When you think of “wild Africa” – this is it. The Selous Park is contains one-third of the world’s entire dwindling population of wild hunting dogs, fascinating creatures that are almost non-existent in northern Tanzania. Their ability to hunt as a pack has given them an edge over some of the most dangerous predators in Tanzania.
But it is above all for its beautiful rivers, the channels and tributaries of the Great Ruaha and Rufiji Rivers, that the Selous is so spectacular. Particularly impressive is Stigler’s Gorge, where the Great Ruaha River meets the Rufiji River; this is an exquisite of example of the beauty and complexity of this park.
Katavi National Park
The Katavi National Park is the definition of “remote”. On the most western side of Tanzania, Katavi has been gaining recognition in the last decade due to its extraordinary game and incredible beauty. For the adventurous traveller seeking a more obscure vacation that offers a different perspective on the East African experience, this park is perfect. Katavi is the ultimate “off-the-beaten” safari track holiday.
Ruaha National Park
Ruaha National Park is the largest of the Tanzanian parks. It provides the traveller with vast wilderness in the southwest of the country, a region visited by only a handful of adventurous travellers each year. At the park’s heart is the Great Ruaha River, a massive watercourse that dwindles to only a few puddles in the dry season, but bursts its banks at the height of the rains.
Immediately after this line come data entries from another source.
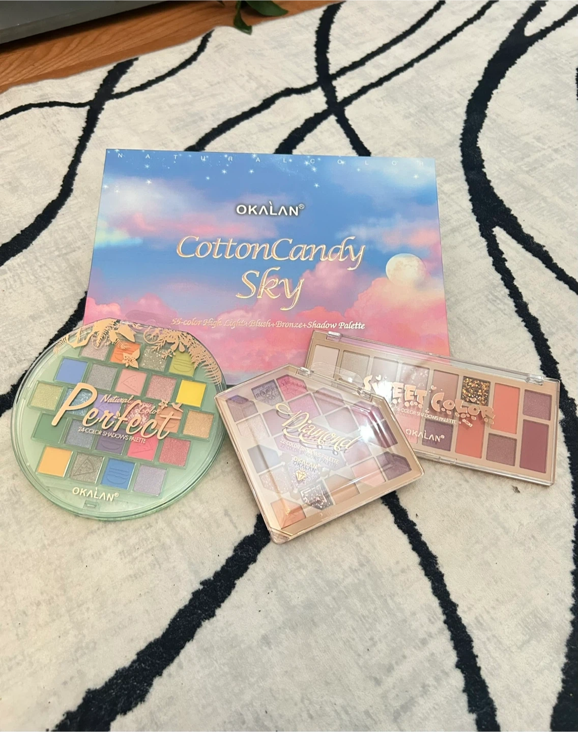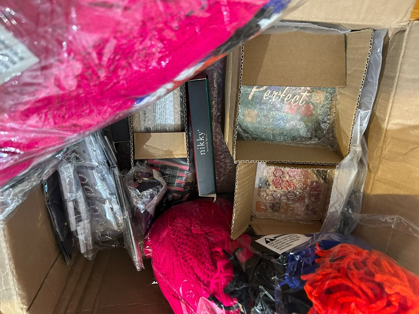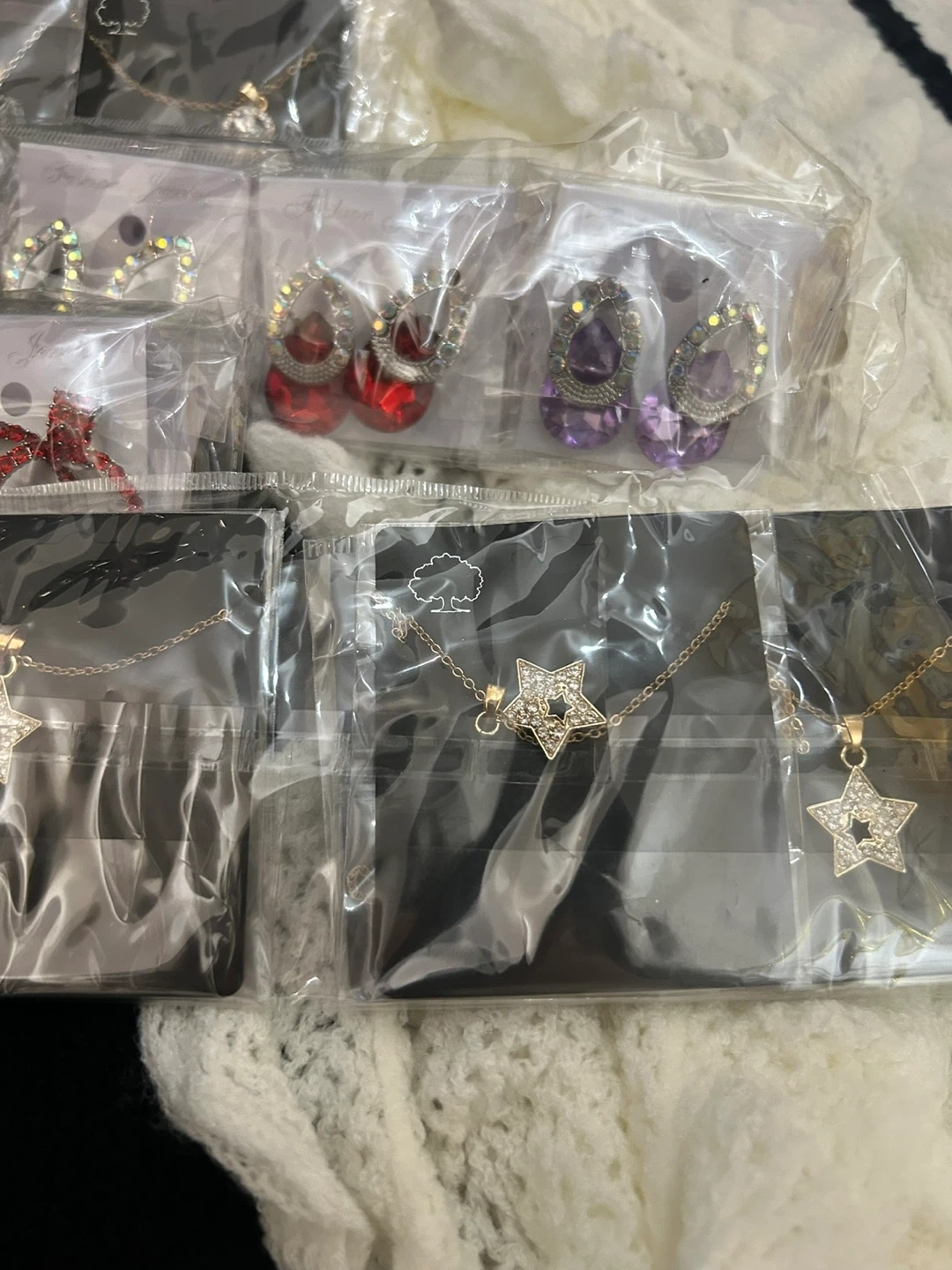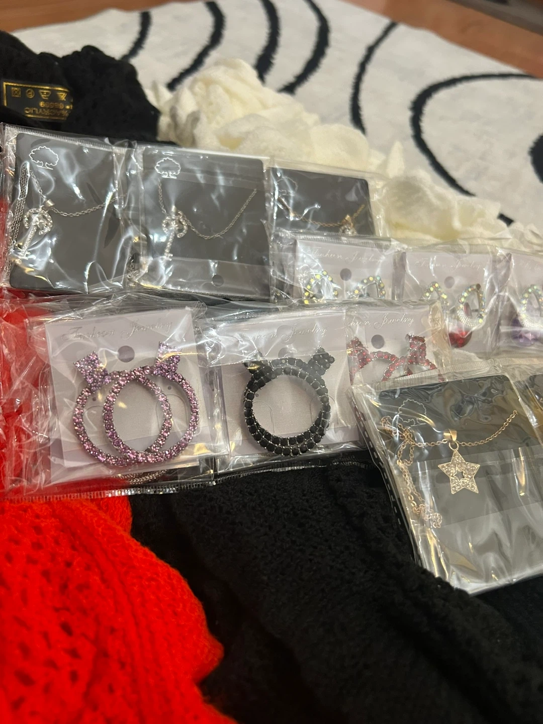 Selling a mixed lot of Nikky by Nikki makeup like eyeshadow in different sizes, some jewelry including necklaces and earrings, some scarfs, little mirrors and little bags.
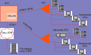 ADSL (Asymmetric DSL). Технология асимметричного цифрового соединения позволяет организовать передачу голоса и данных на расстояние около 5,5 км от АТС со скоростью до 8 Мбит/с в направлении к абоненту и до 1-1,5 Мбит/с — от него и превратить существующие абонентские телефонные аналоговые линии UTP Категории 3 в линии высокоскоростного доступа. В ADSL применяются два типа линейного кодирования — САР и DMT. Телефонный и цифровой сигналы при передаче по линии не мешают друг другу, так как занимают различные частотные спектры, поэтому одну пару проводов можно одновременно использовать для передачи данных и подключения к городской АТС обычного телефонного аппарата. ADSL рассматривается как технология потребительского класса и является одной из наиболее развитых технологий асимметричной передачи в семействе xDSL. Оборудование ADSL можно автоматически или принудительно конфигурировать для достижения максимальной скорости передачи с минимальным коэффициентом ошибок.
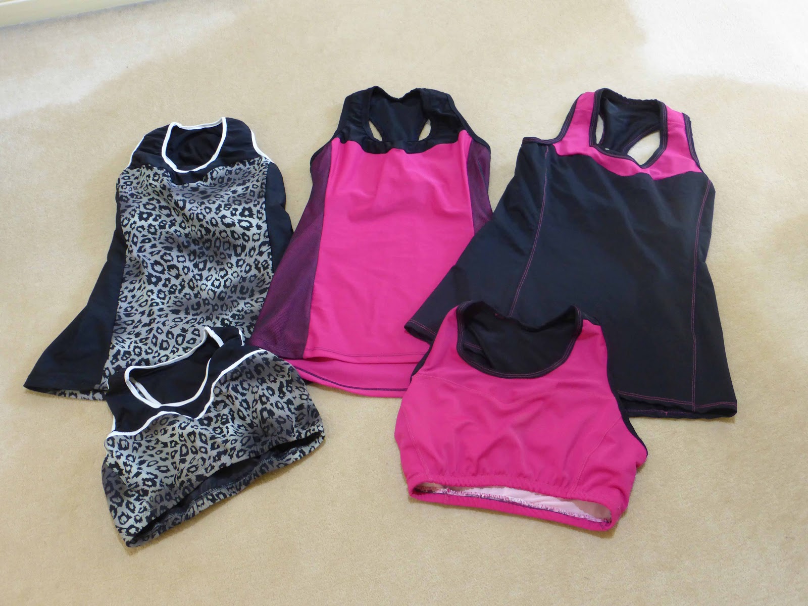 | Left to right: The prints are test versions. Pink mesh top, pink crop and black top wear really well. |

Waterbuck, impala, and gazelle risk their lives for a sip of water along the shores of the Ruaha, a permanent hunting ground for lion, leopard, cheetah, jackal, hyena and the rare and endangered African wild dog. Ruaha’s elephants are recovering from extensive ivory poaching in the 1980s and remain the largest population in East Africa. The Rhinoceros, unfortunately, has not been seen in the Ruaha since 1982, believed to be rendered extinct from this same poaching.
Sadaani National Park
Known as the area where “bush meets beach,” this national park is quite literally a wildlife sanctuary bordering the Indian Ocean. While relaxing on the beach on a gorgeous day, it is entirely possible to be interrupted by an elephant en route to a watering hole. Sadaani is a wildlife-lovers alternative to the more developed beaches around Zanzibar and Dar es Salaam, offering the unique combination of safari and sunbathing.
Dar es Salaam
The diversity of Dar es Salaam is reflected in the culture of the people. Home to Tanzanians, Arabic and South Asian communities including many European and American expatriates, the multiculturalism of Dar is reflected in the outstanding cuisine ranging from traditional Tanzanian BBQ to Thai and western foods.
The nightlife in Dar is similarly vibrant. There is an abundance of bars in Dar where you drink local beer, listen to a Tanzanian music, and chat with locals or watch a football. The biggest days for socializing in Tanzania are Friday, Saturday and Sunday. Locals prefer to go out on Sundays.
As you fly into Zanzibar from the air it appears almost tiny; but when driving from the airport in Stone Town (on the southern tip) to Nguwe (the Northwestern tip) its sprawling and diverse landscape is immediately evident. From relaxing on the beaches on the north coast, to kite boarding and scuba diving on the east coast, the island of Zanzibar offers unlimited opportunities with a legendary status.
The Zanzibar Archipelago consists of two large islands Unguja (Zanzibar) and Pemba. Its infamous Stone Town is rich in history, most notably the slave boom in the 19th century. This sad and important history can be experienced with a visit to one of the many slave dungeons around the island: Zanzibar was one of the most significant trading centers in East Africa. Zanzibar is also well known for its beautiful and intricately designed doors and incredible selection of spices. The name “ Stone Town” is derived from the tall white buildings, built out of coral stone during this period.